Abstract—Multiple precision libraries typically use assembly-optimized loops for basecase operations on variable-length operands. We consider the alternative of generating lookup tables with hardcoded routines for many fixed sizes, e.g. for all multiplications up to 16 by 8 words. On recent ARM64 and x86-64 CPUs, we demonstrate up to a 2x speedup over GMP for basecase-sized multiplication and a 20% speedup for Karatsubasized operands. We pay special attention to the computation of approximate products and demonstrate up to a 3x speedup over GMP/MPFR for floating-point multiplication.

Index Terms—integer multiplication, multiple precision, bignum arithmetic, floating-point arithmetic, performance

# I. Introduction

We consider arithmetic on natural numbers in the standard form  $\sum_{i=0}^{n-1} c_i \beta^i$  with  $0 \le c_i < \beta$ , where we assume a full-word radix  $\beta = 2^B$ , B = 64, on a typical 64-bit machine. A popular software implementation allowing operands with variable size n is the low-level mpn layer of GMP [6].

The most performance-critical operation is arguably multiplication which for  $n\gg 1$  is much more expensive than addition and also serves as the backbone for fast implementations of higher operations such as division [17]. Given operands  $a=\sum_{i=0}^{m-1}a_i\beta^i$  and  $b=\sum_{i=0}^{n-1}b_i\beta^i$  where we may assume  $m\geq n\geq 1$ , the schoolbook multiplication algorithm [14, §4.3.1] forms the product

$$c = \sum_{i=0}^{m+n-1} c_i \beta^i = \sum_{i=0}^{m-1} \sum_{j=0}^{n-1} a_i b_j \beta^{i+j}$$

using mn single-word multiplications (with double-word output) interleaved with additions with carry-in and carry-out.
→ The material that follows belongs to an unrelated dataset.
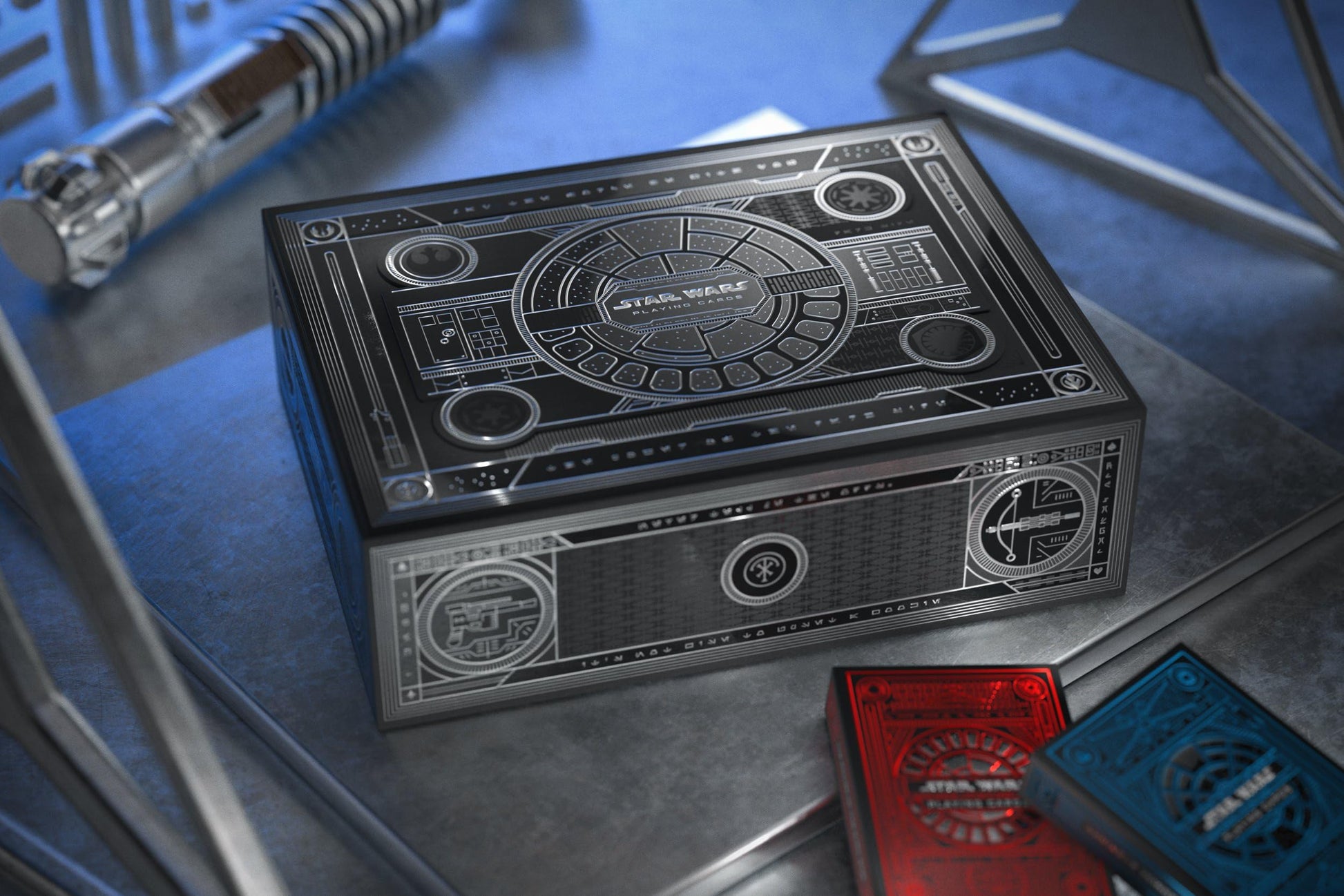 - BREATHTAKING CARDS: Inside are six decks of Star Wars Premium Playing Cards by theory11, each with red, blue, silver, and gold foil.
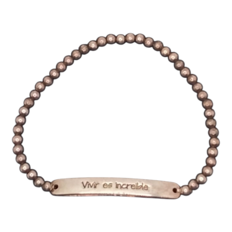 Es una pulsera hecha de plata de ley 925, lleva escrito la frase "vivir es increíble".

The asymptotic complexity of multiplication is improved by using Karatsuba, Toom-Cook or FFT algorithms [8], but such methods only beat the schoolbook method for large m and their performance depends on having an efficient schoolbook multiplication as the "basecase" for recursive smaller multiplications. In GMP, the general-purpose multiplication routine  $mpn_mul$  dispatches to the internal schoolbook multiplication routine  $mpn_mul_basecase$  for all sizes below the machine-dependent Karatsuba threshold.

Albin Ahlbäck has been supported by an ERC-2023-ADG grant for the ODELIX project (number 101142171). Fredrik Johansson has been supported by the French ANR-20-CE-48-0014 NuSCAP.

<sup>1</sup>Some FFT multiplication algorithms are an exception, where it is preferable to do all internal computations with single-word precision if possible. However, the widely used (e.g. by GMP) Schönhage-Strassen FFT algorithm specifically recurses to multi-word integers.

Basecase GMP routines are generally implemented in assembly, using techniques such as partial unrolling and instruction reordering to optimize out-of-order execution. However, most basecase routines are implemented as loops to support variable m and n, and the overhead of this approach for fewword operands can be considerable. In this work, we study the alternative of generating tables of specialized routines for all size pairs (m,n) roughly up to the Karatsuba threshold (roughly  $m \approx n \approx 16$  for balanced multiplication).

# A. Overview of our contribution

Section II describes our approach to generate efficient basecase multiplication routines for ARM64 and x86-64 assembly. We benchmark these routines for fixed (m, n), demonstrating significant speedups (roughly a factor two in some cases) over the basecase multiplication in GMP 6.3.0.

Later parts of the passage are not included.